Because I was so bored I had started to question the meaning of life as much as
Philip did when he suffered so much and profited so little in the experience of
living the world. It was such a difficult question. I don’t really know why I can never get over the side of mortality in human’s life. Haven said that, it gradually ceases to bother me much these days. What bothers me is why it is so difficult to get on with life.

More often than not, people only tend to get a handle on their life after they arrive at a certain age. Like the couple I met yesterday and the student, who is
a multinational company runner, I teach now. The couple were all in their forties and my student in his fifties. It seems a fact that success comes only after years-long experience. But why can’t one achieve that earlier than that? It is actually quite dreadful for me to imagine that I maybe will be ending up in a similar situation.

My friend’s mother has a strange philosophy of life. She thinks any job is good
as long as it comes with stability. I am actually quite annoyed to hear her repeat to me her ways of thinking. In her opinion I should always keep the job in the roadside restaurant. She said she wished to work there in her summer holiday
break. But I know she couldn’t handle it. In the far past maybe she could, but
not after enjoying her comfort in her life so many years.

On the other hand I don’t think I mind about hardship. What made me quit the job is not the menial hardship, but the opportunity cost that fleets by. There are
so many people who work on shifts there complain about the boredom of the work,
and some of them have been complaining for seven years. They don’t quit because the job doesn’t require any intellectual side of it. But I feel that the brain or mind is like a ladder. Once you get onto a certain stage, certain things will start to dread you.

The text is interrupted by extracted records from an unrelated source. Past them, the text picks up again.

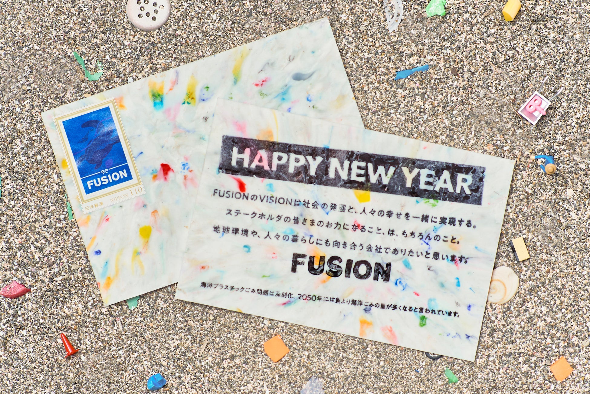 FUSION、海洋プラスチックを使った2025年オリジナル年賀状を作成。環境や社会に対する意識向上を周囲に啓発
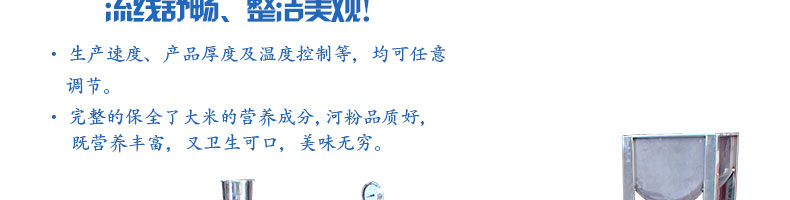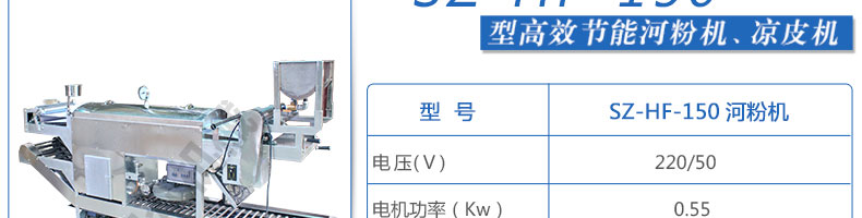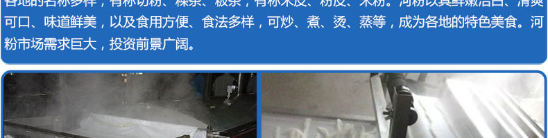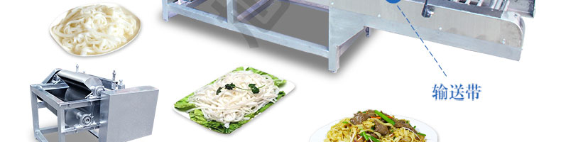 SZ-HF-150高效節能河粉機,用高效節能河粉機生產的河粉,完整保全了大米的營養成分,河粉品質一流,既營養豐富,又衛生可口、美味無窮。
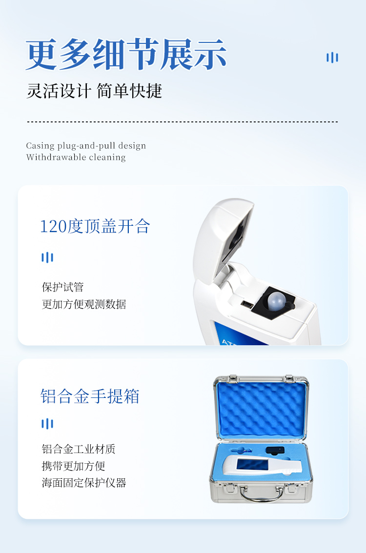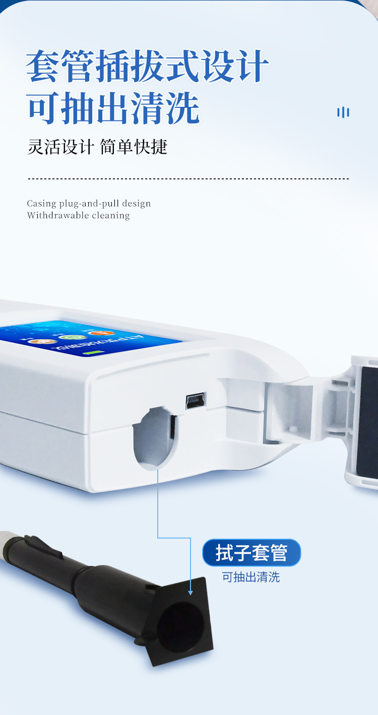 | 實用性 —— 可根據(jù)環(huán)境檢測需求設定上下限值,做到數(shù)據(jù)快速評估預警,表面潔凈度快速篩查。 | 靈敏度高 —— *************** | 速度快 —— 常規(guī)培養(yǎng)法18-24h以上,而ATP只需要十幾秒鐘 . | 可行性 —— 微生物數(shù)量與微生物體內(nèi)所含ATP有明確的相關性。 通過檢測ATP含量,可間接得出反應中微生物數(shù)量 | 可操作性 —— 傳統(tǒng)培養(yǎng)方法需要在實驗室由經(jīng)過培訓的技術人員進行操作;而ATP快速潔凈度檢測操作非常簡便,只需簡單的培訓即可由一般工作人員進行現(xiàn)場操作。 | 體驗更好 —— 試子套管采用插拔式靈活設計,可定期清洗長期使用,延長儀器壽命。 |
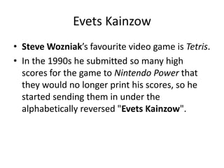 Evets KainzowSteve Wozniak’sfavourite video game is Tetris.In the 1990s he submitted so many high scores for the game to Nintendo Power that they would no longer print his scores, so he started sending them in under the alphabetically reversed "Evets Kainzow".
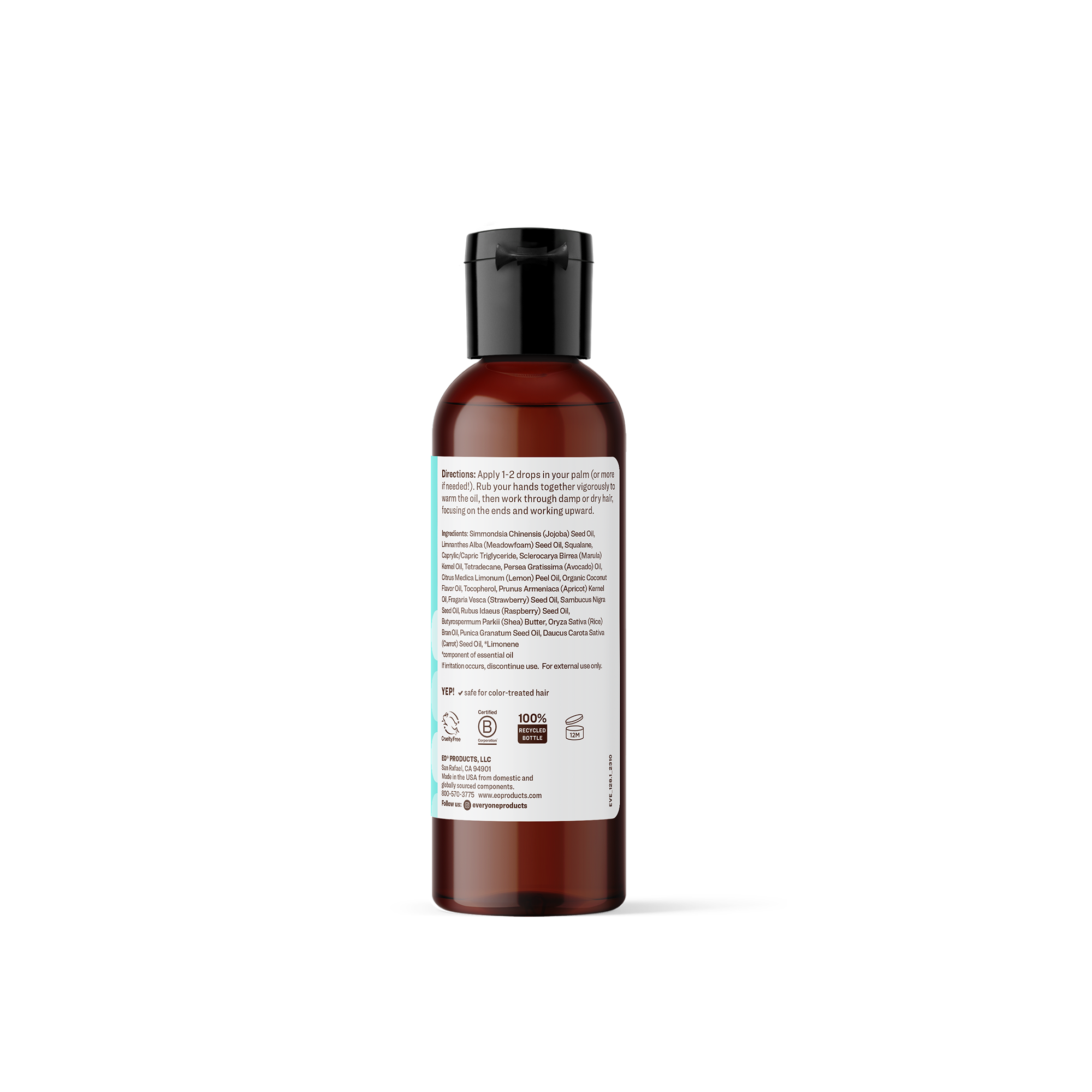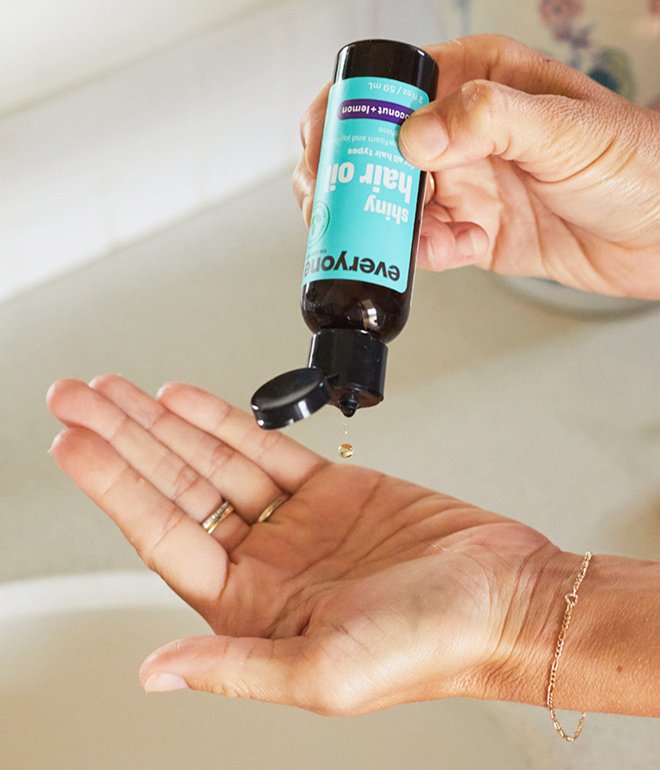 Apply one or two drops to your palm and rub hands together vigorously to warm oil, then work through damp or dry hair, focusing on the ends and working upward.
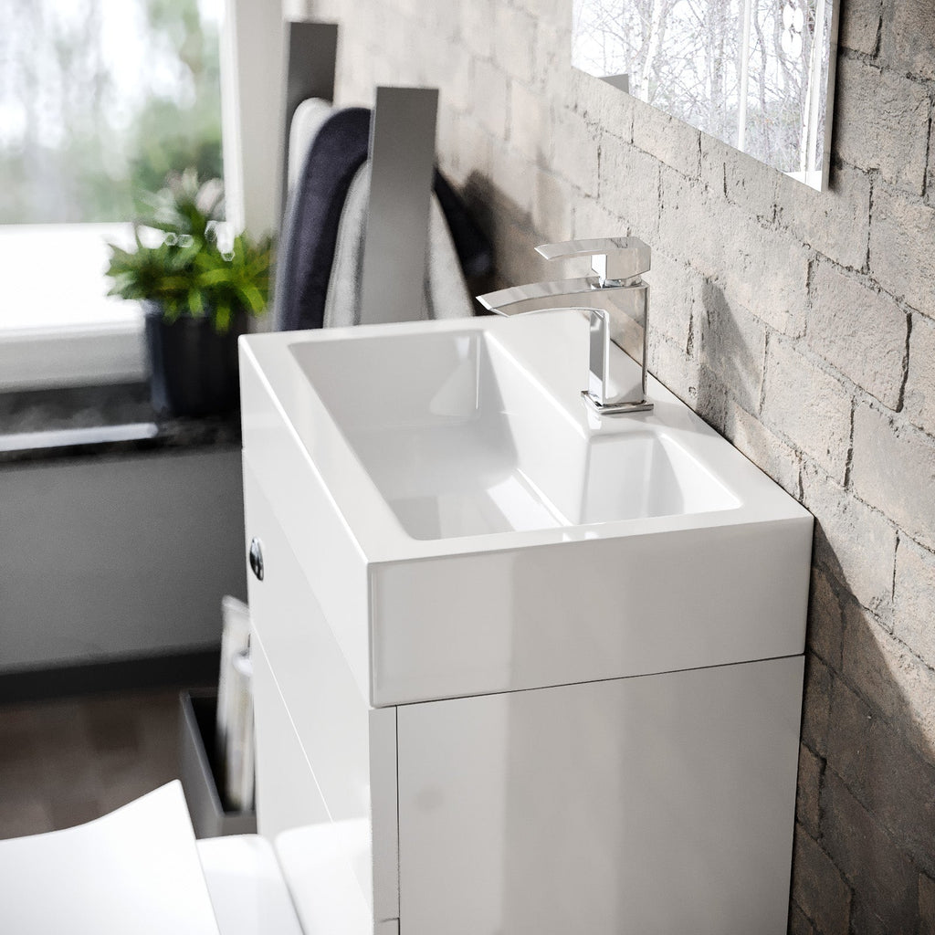 Two-In-One Wash Basin & Toilet offers a solution for small bathrooms. Cleverly designed with a sink on top of a WC Unit. All pipe works are neatly concealed to provide a simple and elegant look.

In a way that’s probably why, more often than not, the intellectual are less happy than the illiterate. What the illiterate can put up with is oftentimes intolerable for the intellectual, because the knowledge gained by the latter opened up a lot of other sides of the world. People in the roadside restaurant probably
think I am queer, because during the breaks I would prefer reading than gossiping and chaffing other people. Philip said sometimes he felt the loneliest when he was in the crowd, I felt the same. I wished I were miles away when people didn
’t understand me but try to make me out.

This afternoon I was sitting in the garden alone, when I suddenly realized that
I was actually alone. The chickens quietly rambled around at the other side of the fence. I sat at the bench in the sunshine and the sun beams drew shades on the grass through the garden tree. By my side there was a square pot of small pink
flowers blooming in the sun. I suddenly gained a feeling of tranquility. It made me almost want to sob. It was such a warm feeling. I felt that I had been beaten up during the past few weeks, now finally I started to heal up.

But I don’t regret the experience, both physically and mentally. In Of Human Bondage Philip was once given a Parisian rug and was told to liken it to life. The
threads of the rug were like experiences you gain in the life as you go along.
Good or bad, they would all be woven to complete your rug of life. And that rug
is yours whether you like it or not. For me I can hardly imagine what mine will
look like in the end, but here I will borrow one sentence from Rabindranath Tagore to express my hopes and end this article: “Let Life be beautiful like summer
flowers and death like autumn leaves.”